- _Aim of the task_: Exactly retype the lines below from the one containing "coins on the" through the end of the listing. Leave pictures out.

╭─ Source data

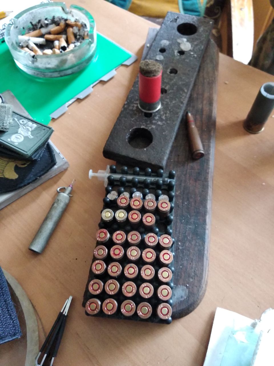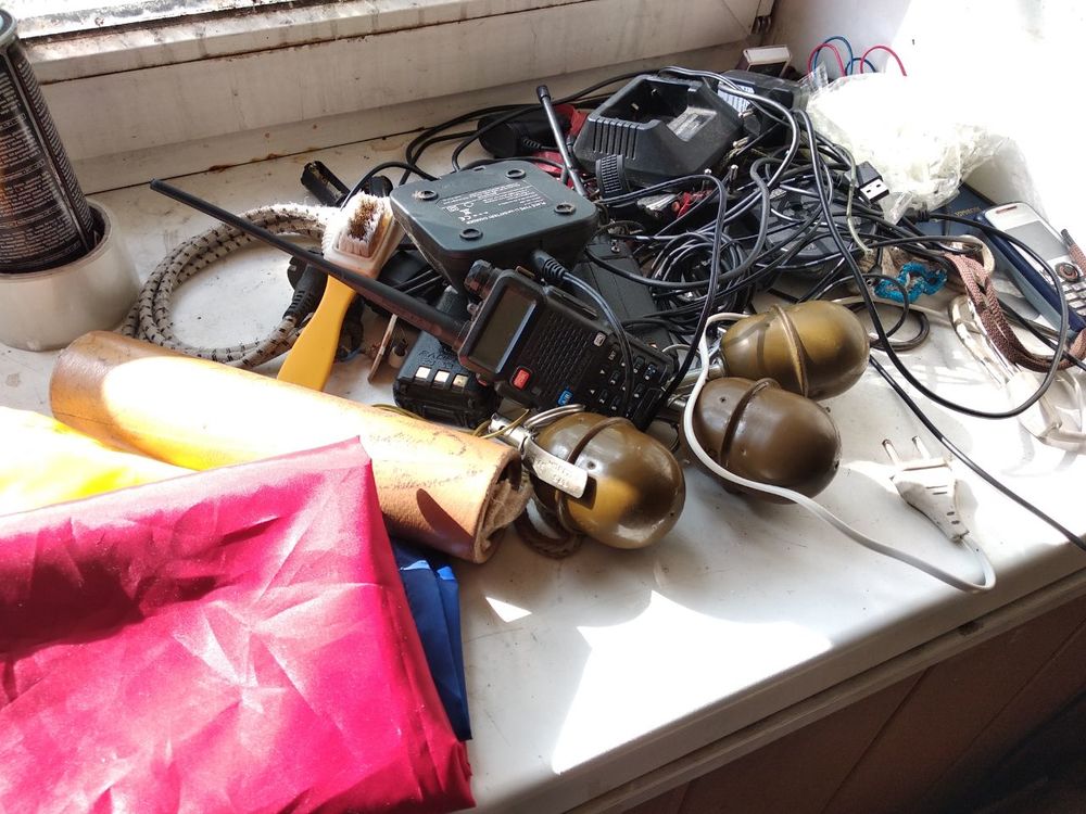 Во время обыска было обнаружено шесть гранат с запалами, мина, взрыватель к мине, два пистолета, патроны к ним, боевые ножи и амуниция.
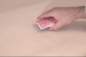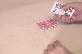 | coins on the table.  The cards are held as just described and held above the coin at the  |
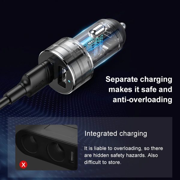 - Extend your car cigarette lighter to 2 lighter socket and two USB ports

╰─

- _Solution for this exercise_:
 | coins on the table.  The cards are held as just described and held above the coin at the  |
 - Extend your car cigarette lighter to 2 lighter socket and two USB ports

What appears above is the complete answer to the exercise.